Sinkhorn-Knopp for Trust: Why AI Safety Needs Doubly Stochastic Matrices

A robot builds trust in your kitchen. Over days of interaction, it learns that this context -- morning light, your voice, the sound of the kettle -- is safe and familiar. Coherence accumulates. The robot relaxes its behavioural envelope. Gentle servo movements, warmer LED colour, shorter reaction latency.

Then you carry it to the hallway.

How much of that kitchen trust should transfer? This is the trust transfer problem, and every possible answer except one is wrong.

Three Wrong Answers

Copy all trust. Kitchen coherence of 0.85 becomes hallway coherence of 0.85. This violates conservation. Trust was earned in one context and now exists in two.
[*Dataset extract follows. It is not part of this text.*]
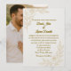 Flip the invitation to discover a deeply personal touch: the back hosts a full-bleed photograph, transforming the suite into a keepsake. Whether it’s a cherished engagement portrait, a candid moment by the sea, or a quiet capture beneath lilac blooms, the photo transforms the invitation into a window into your story. The interplay between the textured stone front and the photo’s intimacy whispers of permanence and presence—of love carved with intention.
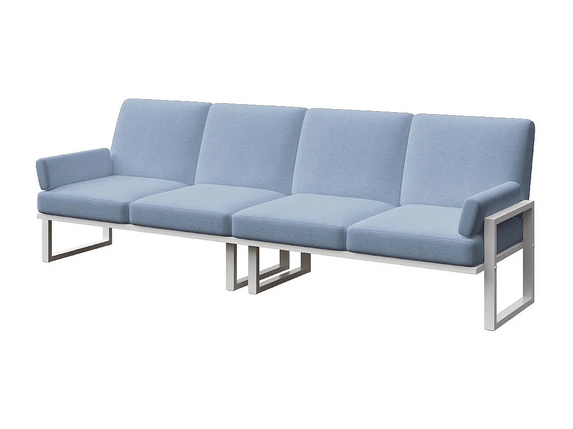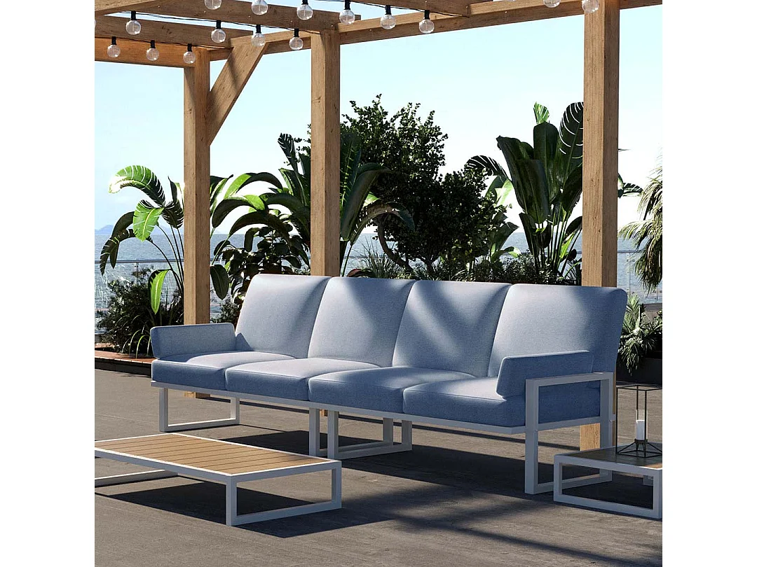 Canapé 4 places Soledo Bleu clair - Cadre blanc

An adversary finds one easy context, maxes out coherence, and carries it everywhere. The system has no memory of where trust was earned.

Copy no trust. Kitchen coherence of 0.85 stays in the kitchen. Hallway starts at 0.0. This is safe but useless. Every room is a cold start. The robot never generalises. A person who is trusted in the kitchen must re-earn trust from zero in every new room. Users return the robot after a week.

Weighted average. Transfer some fraction of kitchen trust to the hallway. Kitchen 0.85, transfer weight 0.5, hallway receives 0.425. This sounds reasonable until you ask: where did the hallway trust come from? If the hallway had 0.1 coherence and now has 0.425, trust was amplified. Not created from nothing -- borrowed from the kitchen -- but the hallway now shows more trust than was earned there. A chain of transfers across many contexts can pump trust upward through the network.

Each approach fails on a different safety property. Copy-all creates trust. Copy-none prevents generalisation. Averaging amplifies trust. There is exactly one mathematical structure that generalises safely: the doubly stochastic matrix.

Doubly Stochastic Matrices

A matrix M is doubly stochastic if:

M_ij >= 0           for all i, j  (non-negative)
sum_j M_ij = 1      for all i     (row sums equal 1)
sum_i M_ij = 1      for all j     (column sums equal 1)

Row sums equal 1: the total trust leaving any context is bounded. You cannot export more trust than you have. This is conservation from the source side.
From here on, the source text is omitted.